It may not kill you, but it does make your weaker.
If you can\'t beat them, too bad.
albert@spe&ar&c.xs4all.nl &=n http://home.hccnet.nl/a.w.m.van.der.horst
 
On 25/11/2020 14:23, albert wrote:
In article <rp10tp$ujd$2@gioia.aioe.org>,
Martin Brown <\'\'\'newspam\'\'\'@nonad.co.uk> wrote:
On 13/11/2020 16:18, albert wrote:
In article <263dc11b-dbf8-4fc7-a9cc-6340251dc83fo@googlegroups.com>,
Bill Sloman <bill.sloman@ieee.org> wrote:
7. Homepathy is quackery and doesn\'t work (Diluted poisons trigger an
immune reaction).

Homeopathy is based on a really silly theory. Anybody who takes it
seriously is nuts. Some people do claim to take it seriously, and there
are people who swear by it, so it does seem to be possible to divorce
theory and practice enough to end up with something that is useful in
practice even if the intellectual justification is irrational nonsense.

Most people don\'t realize that they redefine homeopathy into a
straw man. Especially the dilution argument is unfair to the inventor
because he didn\'t count atoms, but had a technical procedure for the
dilution. Remember that Lenin in has book about empirio-criticism
had to ward of main stream physicist that argue that atoms where not
real. The first experiments (on his own family!) was using
such dilutions as to provoke symptoms. Then he realized that it
even worked with dilutions that had very slight to no symptoms.
Then a lot of people went overboard with the dilution trick.
The basic idea is the same as Pasteur when he infected people bitten
and at risk of rabies with the same (the greek homo) illness but
lighter. Then he proceeded to invent vacination. This is
basically a homepathic procedure. How silly is that theory?
Apparently Pasteur was nuts.

There is of course a lot of quackery around homeopathy.
And the pharmaceutic industry happyly quoted the famous Nature
dilution article to discredit serious homeopaths.

SNIP

If homeopathy worked then modern semiconductor electronics would not.

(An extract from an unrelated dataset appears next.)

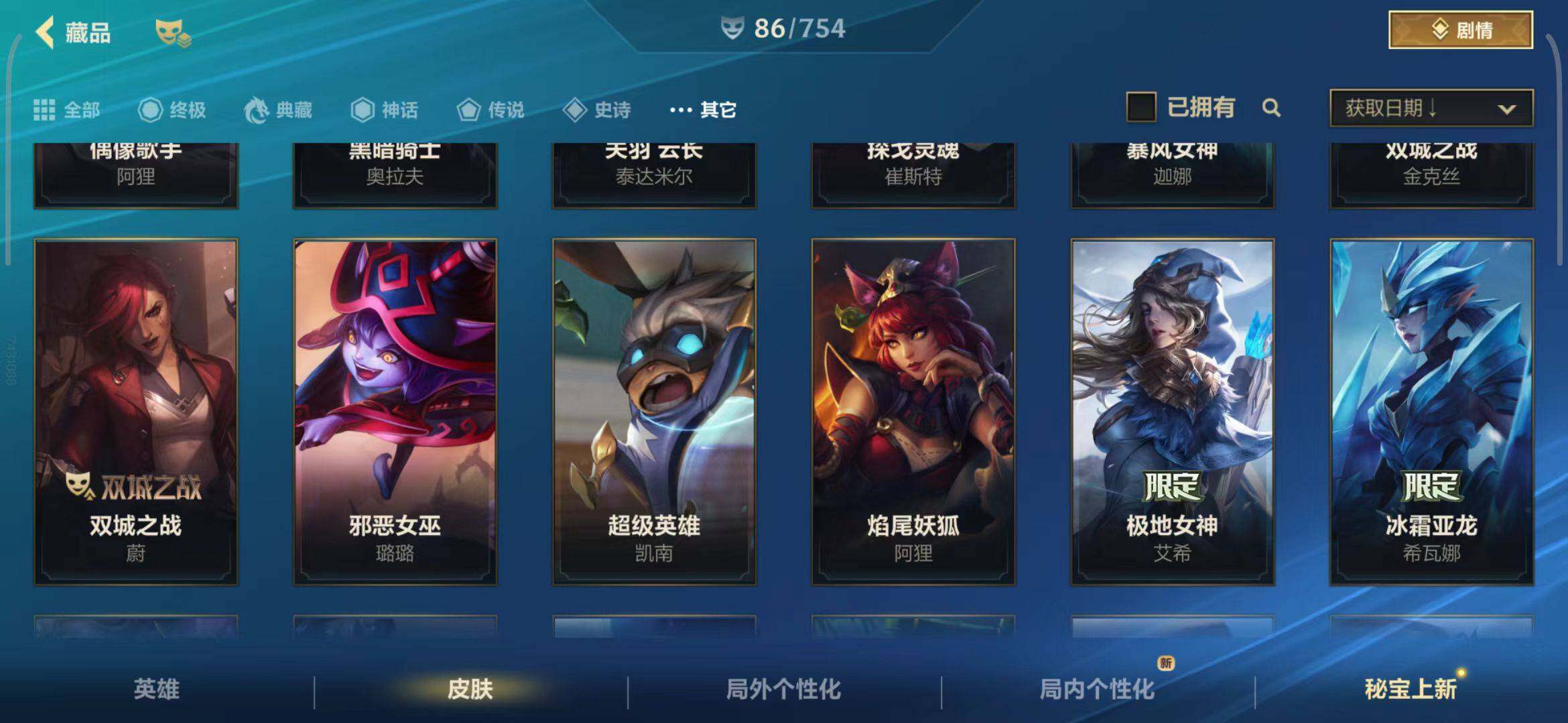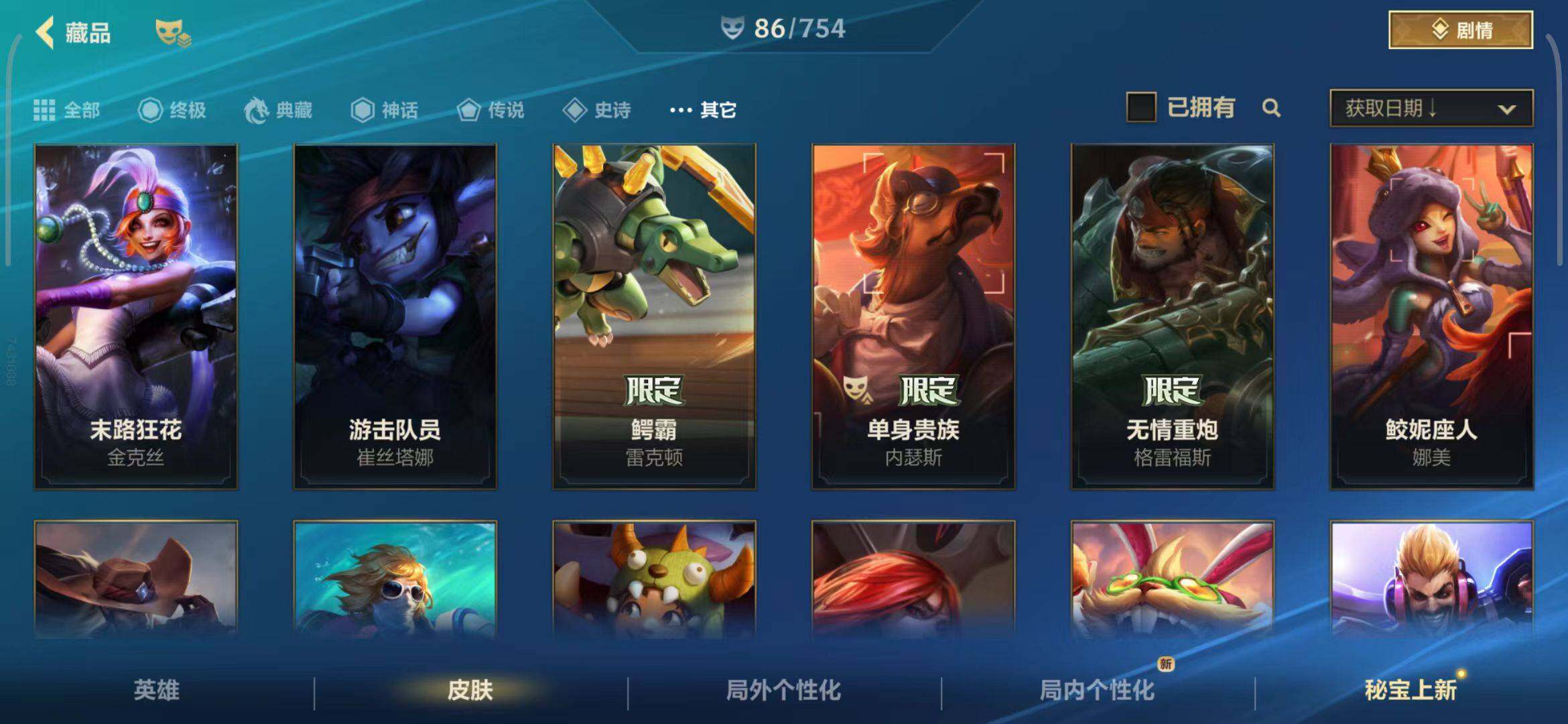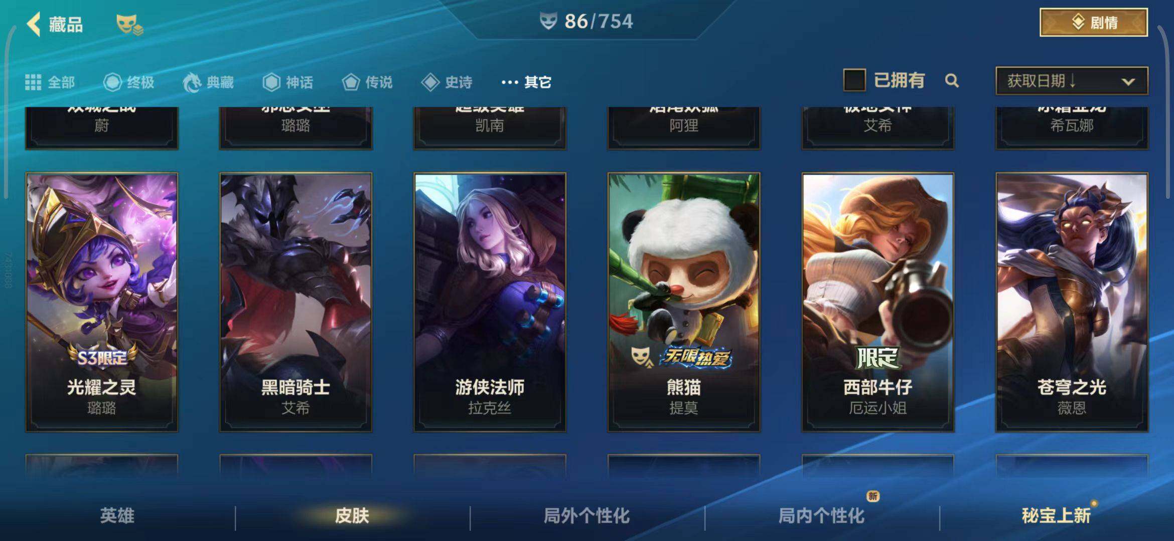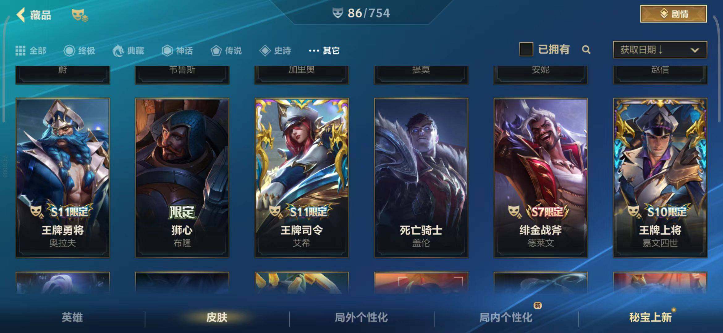 【史诗皮肤】 泳池派对奥利安娜 无限烈焰戴安娜 恶魔之刃泰达米尔 赵云 子龙 猎龙勇士赵信 猎龙勇士潘森 福牛守护者菲奥娜 福牛守护者安妮 源计划风亚索 源计划阴劫 源计划山蕾欧娜 水晶玫瑰琴女 源计划裁决蔚 福牛守护者嘉文四世 福牛守护者德莱厄斯 福牛守护者阿利斯塔 冰川巨兽墨菲特 奥术大师吉格斯

This is all based on the premise that homeopathy demands that
solutions are diluted such that no atoms remain.
This is a straw-man and particularly unfair to Hartman
the founder of homeopathy. He worked at a time that atom theory
had hardly emerged and counting atoms was unheard of.
Hartman observed that some illnesses had the same symptoms
as could be provoked by some herbs. Then he treated those
illnesses with those herbs and observed improvement.
He experimented (on himself and his family) and found that
the dilutions had the same effect, even if it could not provoke
the mildest symptoms on itself.
You can conduct the following experiment. Take a person
who is allergic to peanuts. Dilute a peanut solution to the point
that there is just a faint allergic reaction. Now sent the
solution to a lab and ask them whether they can prove the presence
of the alergan. They can\'t, because chemical methods are so much
less sensitive.

Up to this point the scientific method of Hartman is beyond reproach.
Even if you think homeopathy is wrong, Hartman did experiments
and observations at the level of his time. Even if all of
his observations were mistaken, his experiments cannot be reproduced,
and the theory behind homeopathy is wrong, Hartman is not to be
ridiculed in the way as is usual in the US and the way you do.
Compared to blood-letting what was the favorite cure at the time,
homeopathy was safe, and even if you attribute all cures to the
placebo effect, it was a positive contribution to medicine.
Even without conspiracy theories it is safe to assume that
the pharmaceutical industry has a big hand in this.
It is interesting to compare the Wikipedia pages about homeopathy
in English and German. In Germany homeopath is much more mainstream
and accepted by academia, and the article is much more objective.

When homeopathy was invented, it was in many aspects a step up from
conventional Western medicine - which, as you say, usually involved
blood-letting, and therefore usually involved making patients worse, not
better.

And Hahnemann (I assume that\'s who you meant) did his work with a
reasonable view to the best scientific knowledge available at the time.
(Though even the ancient Greeks had a theory of atoms and smallest
divisible parts.) However, Hahnemann regularly used 30C dilutions (1
part in 10 ^ 60), and even up to 300C. There was no doubt even at the
time that such dilutions were ridiculous, despite details of atomic
sizes and counts still being unknown. (Avagadro was working on
molecular theory at around the same time, amongst others.)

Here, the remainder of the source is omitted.